== GIVEN RECORDS ==
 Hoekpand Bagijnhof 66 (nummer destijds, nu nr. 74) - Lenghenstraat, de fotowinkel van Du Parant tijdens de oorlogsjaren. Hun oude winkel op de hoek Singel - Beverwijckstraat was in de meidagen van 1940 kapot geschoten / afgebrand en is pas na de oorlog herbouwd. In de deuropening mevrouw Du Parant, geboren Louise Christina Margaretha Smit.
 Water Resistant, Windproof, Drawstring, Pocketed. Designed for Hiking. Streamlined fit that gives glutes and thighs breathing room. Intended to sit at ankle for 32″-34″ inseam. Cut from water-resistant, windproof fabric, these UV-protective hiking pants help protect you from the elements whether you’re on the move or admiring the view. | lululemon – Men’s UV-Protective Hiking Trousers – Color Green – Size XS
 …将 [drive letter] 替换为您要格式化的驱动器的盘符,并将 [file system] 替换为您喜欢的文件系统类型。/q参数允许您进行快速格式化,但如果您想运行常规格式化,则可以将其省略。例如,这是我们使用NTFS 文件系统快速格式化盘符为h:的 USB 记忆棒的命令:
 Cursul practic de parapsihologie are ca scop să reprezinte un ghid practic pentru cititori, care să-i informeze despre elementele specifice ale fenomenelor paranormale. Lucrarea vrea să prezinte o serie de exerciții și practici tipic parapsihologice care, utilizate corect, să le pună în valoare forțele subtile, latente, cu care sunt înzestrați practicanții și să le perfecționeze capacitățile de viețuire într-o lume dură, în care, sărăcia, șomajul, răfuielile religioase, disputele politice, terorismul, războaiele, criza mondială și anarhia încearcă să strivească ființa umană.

==

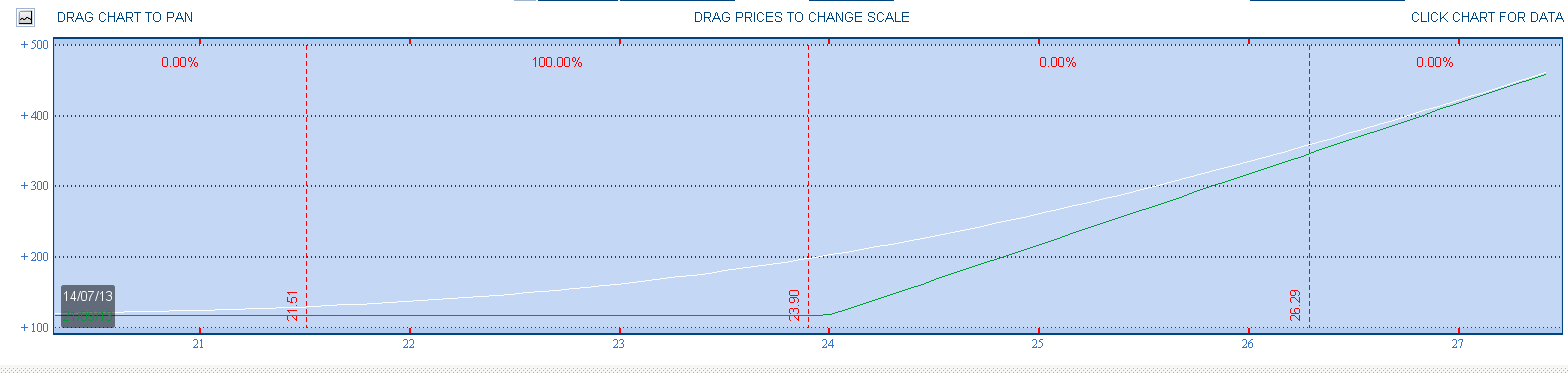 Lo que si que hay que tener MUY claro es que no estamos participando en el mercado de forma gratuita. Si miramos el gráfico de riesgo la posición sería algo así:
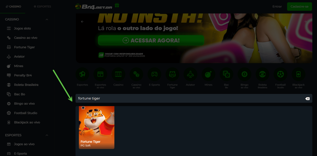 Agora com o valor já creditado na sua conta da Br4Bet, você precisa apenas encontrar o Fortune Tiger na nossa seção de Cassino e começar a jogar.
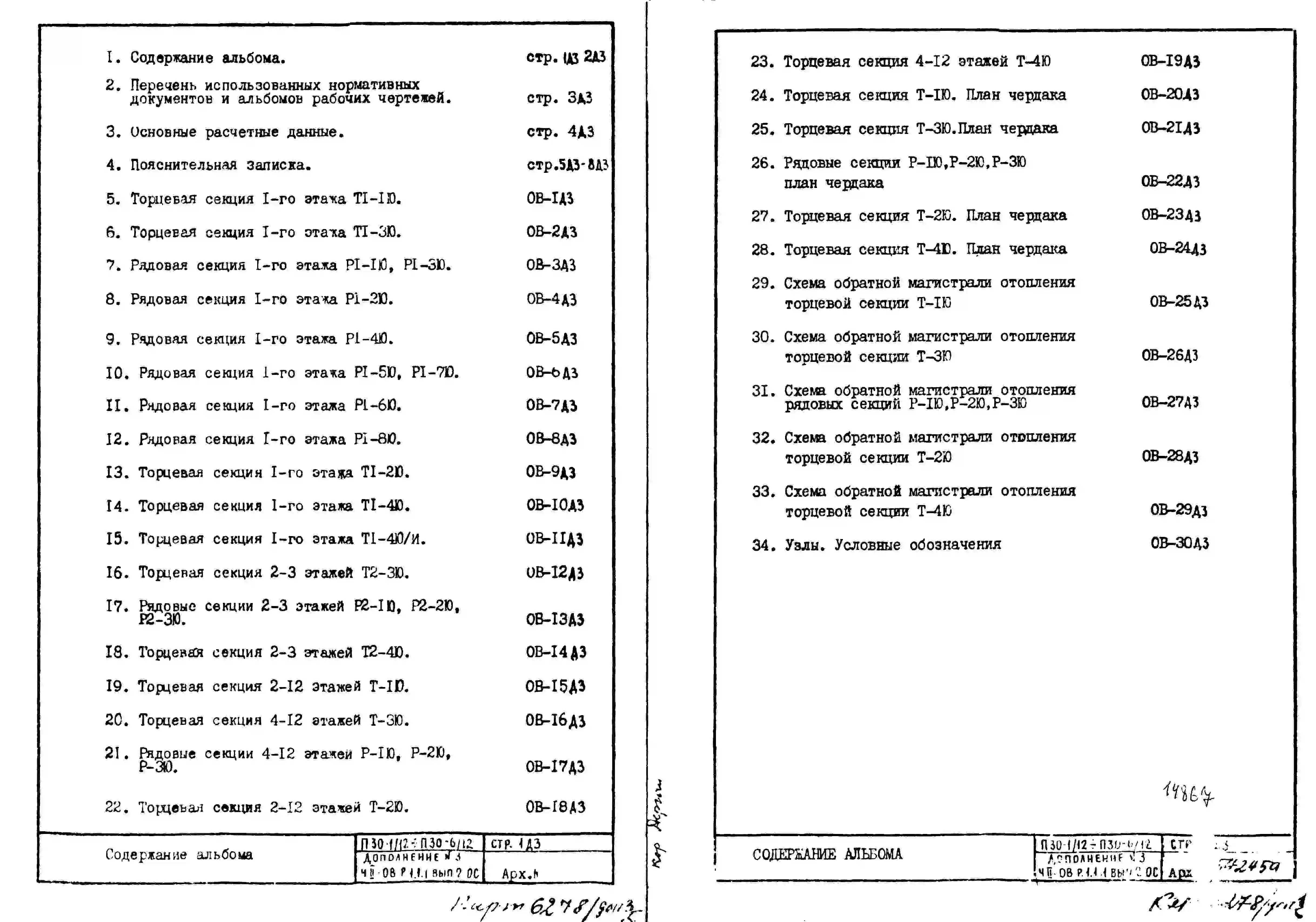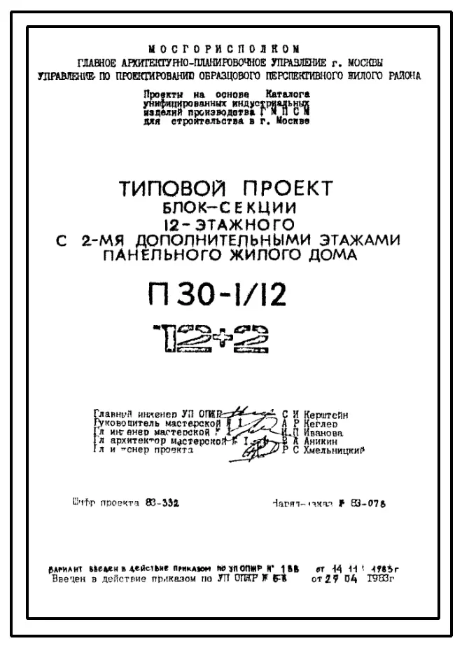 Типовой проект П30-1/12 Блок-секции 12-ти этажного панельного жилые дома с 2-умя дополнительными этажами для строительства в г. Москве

== ASSIGNMENT ==
Copy exactly the part of the material above that opens with the line containing "Lo que si que" and closes with the line containing "Типовой проект П30-1/12", ends included. Drop the images.

== SOLUTION FOR THIS TASK ==
 Lo que si que hay que tener MUY claro es que no estamos participando en el mercado de forma gratuita. Si miramos el gráfico de riesgo la posición sería algo así:
 Agora com o valor já creditado na sua conta da Br4Bet, você precisa apenas encontrar o Fortune Tiger na nossa seção de Cassino e começar a jogar.
 Типовой проект П30-1/12 Блок-секции 12-ти этажного панельного жилые дома с 2-умя дополнительными этажами для строительства в г. Москве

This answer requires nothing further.